Host-Dependent Trigger of Caspases and Apoptosis by Legionella pneumophila{triangledown} ,{dagger}

Marina Santic,1,2 Rexford Asare,2 Miljenko Doric,1 and Yousef Abu Kwaik2*

Department of Microbiology and Parasitology, University of Rijeka, Rijeka, Croatia,1 Department of Microbiology and Immunology, Room 406, University of Louisville College of Medicine, 319 Abraham Flexner Way 55A, Louisville, Kentucky 402022

Received 29 January 2007/ Returned for modification 23 March 2007/ Accepted 26 March 2007

The Dot/Icm system of Legionella pneumophila triggers activation of caspase-3 during early stages of infection of human macrophages, but apoptosis is delayed until late stages of infection. During early stages of infection of mouse macrophages, the organism triggers rapid caspase-1-mediated cytotoxicity, which is mediated by bacterial flagellin. However, it is not known whether caspase-1 is triggered by L. pneumophila in human macrophages or whether caspase-3 is activated in permissive or nonpermissive mouse macrophages. Using single-cell analyses, we show that the wild-type strain of L. pneumophila does not trigger caspase-1 activation throughout the intracellular infection of human monocyte-derived macrophages (hMDMs), even when the flagellated bacteria escape into the cytoplasm during late stages. Using single-cell analyses, we show that the Dot/Icm system of L. pneumophila triggers caspase-3 but not caspase-1 within permissive A/J mouse bone marrow-derived primary macrophages by 2 to 8 h, but apoptosis is delayed until late stages of infection. While L. pneumophila triggers a Dot/Icm-dependent activation of caspase-1 in nonpermissive BALB/c mouse-derived macrophages, caspase-3 is not activated at any stage of infection. We show that robust intrapulmonary replication of the wild-type strain of L. pneumophila in susceptible A/J mice is associated with late-stage Dot/Icm-dependent pulmonary apoptosis and alveolar inflammation. In the lungs of nonpermissive BALB/c mice, L. pneumophila does not replicate and does not trigger pulmonary apoptosis or alveolar inflammation. Thus, similar to hMDMs, L. pneumophila does not trigger caspase-1 but triggers caspase-3 activation during early and exponential replication in permissive A/J mouse-derived macrophages, and apoptosis is delayed until late stages of infection. The Dot/Icm type IV secretion system is essential for pulmonary apoptosis in the genetically susceptible A/J mice.

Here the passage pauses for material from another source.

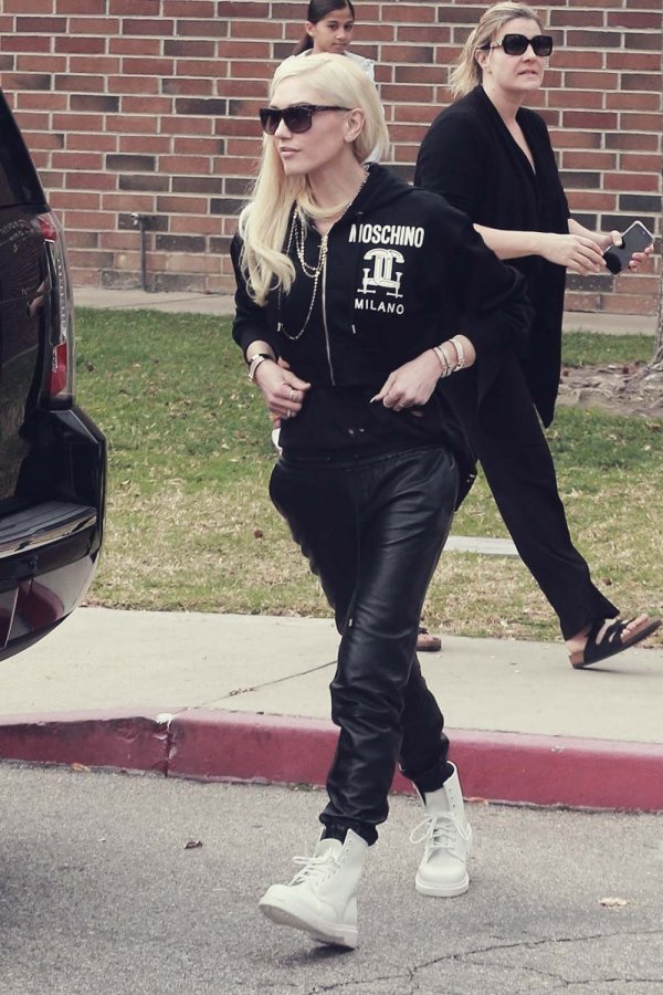 Gwen was wearing black leather pants that she teamed with matching hoodie that she wore over a black ripped T-shirt. She slipped her feet into a pair of white boots, while she gave her casual look a stylish twist with gold jewellery that included a stack of bracelets and a multi-chain necklace.

* Corresponding author. Mailing address: Department of Microbiology and Immunology, Room 406, University of Louisville College of Medicine, 319 Abraham Flexner Way 55A, Louisville, KY 40202. Phone: (502) 852-4117. Fax: (502) 852-7531. E-mail: abukwaik{at}louisville.edu

{triangledown} Published ahead of print on 9 April 2007.

{dagger} Supplemental material for this article may be found at http://iai.asm.org/.

Editor: W. A. Petri, Jr.


Infection and Immunity, June 2007, p. 2903-2913, Vol. 75, No. 6
0019-9567/07/$08.00+0     doi:10.1128/IAI.00147-07
Copyright © 2007, American Society for Microbiology. All Rights Reserved.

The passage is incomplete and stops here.